The First Cumberland Presbyterian Church is a historic Cumberland Presbyterian church building in McKenzie, Tennessee, United States, that was added to the National Register of Historic Places in 1993.

Description
The church is located at 647 Stonewall Street North in central McKenzie, among several other church buildings, including a First Presbyterian Church, a First Baptist Church, and a First United Methodist Church .

History
The congregation was organized in 1867 as the "Bethlehem Congregation of the Cumberland Presbyterian Church at McKenzie, Tennessee." It moved into its first permanent building in 1873. In 1889 the congregation adopted the name "McKenzie Cumberland Presbyterian Church". The  Gothic building on Stonewall Street was built over the five-year period 1887 to 1892 at a cost of $8,000. It stood out in the community for its architecture, including a tall steeple over a high-vaulted slate roof, as well as its art glass windows.

In 1998 the congregation began a building project that culminated in 2002 with its relocation to a new  church at 16835 Highland Drive.
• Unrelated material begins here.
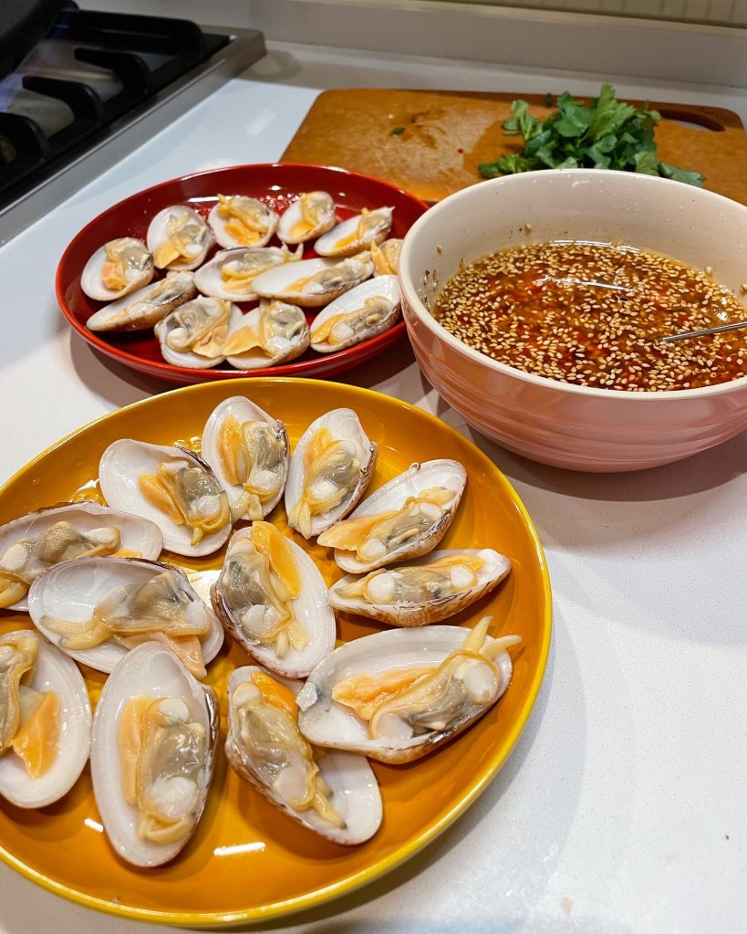 1. 花甲先浸洗,鍋中水滾後加入花甲煮至開口,拿起沖一沖凍水,再移走另一邊殼!排在碟上備用!

Some of the old church's furnishings were to be moved to the new building, and its stained glass windows were placed in storage in preparation for their installation in the new church, which was expected to be done in 2014.

The former church building is now utilized by the Nursing Program of Bethel University.

See also

 National Register of Historic Places listings in Tennessee

Notes

References

External links
 Official website for the church congregation at its current location (not this building)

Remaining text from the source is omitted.